Obviously, ruminating almost never resolves the issue, instead leading to more deficiency—stressing on not being productive is not productive.
The self perpetual machine now begins when the new additional deficiency is inevitably noticed.
This infinite regress productivity spiral seems to perfectly plague insecure overachievers, who usually are highly introspective, have high personal expectations, and deeply fear insufficiency,
The high introspection does not allow graceful ignorance. Deficiencies will always be noticed.
The high personal expectations starkly contrast against present deficiencies. Stress and self-enforced pressure to strive for impossible to reach expectations build.
The deep fears of insufficiency add fuel to the flame. Differences between reality and expectations readily serve as evidence of insufficiency and confirm pre-existing fears, thereby increasing stress and pressure.
This spiral extends beyond traditional realms of productivity, ironically popping up in type B settings.
In the past, I treated sleep—which is supposed to be for relaxing—as another productivity tool (better sleep = better work later). I reframed it into a dopaminergic pursuit that could be optimized and agonized over, much like work itself.
Fueled by wearables, I chased sleep PRs. Any downward blip became evidence that I was under-optimized and below my full potential.
Obviously, my sleep became terrible. Turns out, stressing about sleep does not help sleep, particularly when I’m trying to sleep.
So what’s the solution here?
While I haven’t found a singular silver bullet that works for me (I can’t simply “let it go,” nor do I have 129038120938 hours of meditation to become fully ascended), I’ve found that a combination of kindness and continual progress helps.
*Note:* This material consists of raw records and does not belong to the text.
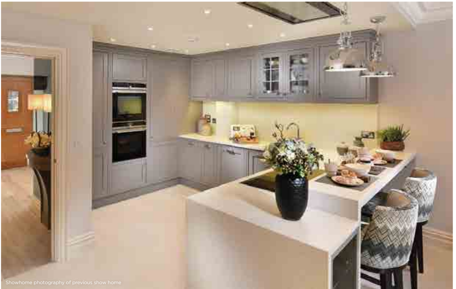
Showhome photography of previous show home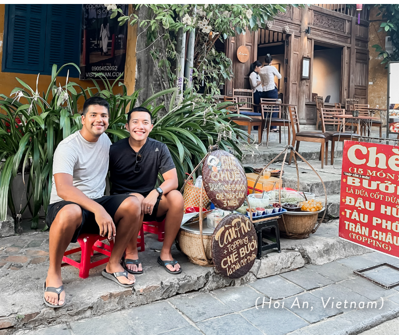
(Hoi An, Vietnam)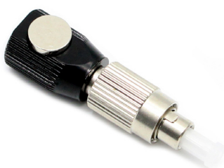
Oval body 2

The first is taking the inverse of the Golden Rule: treat myself how I treat others.
If I extend grace, understanding, and patience to others in their struggles, why should I be an unrelenting tyrant toward myself?
It’s ok—not ideal, but ok—to move slower than what my inner drill sergeant demands. I am not and will never be perfect.
It’s also ok to beat myself up. I shouldn’t be beating myself up over beating myself up. And if I do, that’s ok too.
Furthermore, it’s ok to feel bad for not reaching my expectations. It’s only natural given the high expectations.
In the midst of this kindness, there is profound solace in knowing that the tried and tested way out is to continuously make progress, falling back on whatever systems available.
No matter how small, these defiant pieces of progress serve as evidence, going against the grain of insufficiency and contributing more toward morale than even large leaps gained during optimistic times.
They feed into the realization that internal thoughts and external actions are independent.
Despite feeling terrible, I can still perform enough that an external observer will never know my internal strife.
And if I somehow still find myself spiraling in the face of kindness and effort, I can always fall back on several nights of good sleep.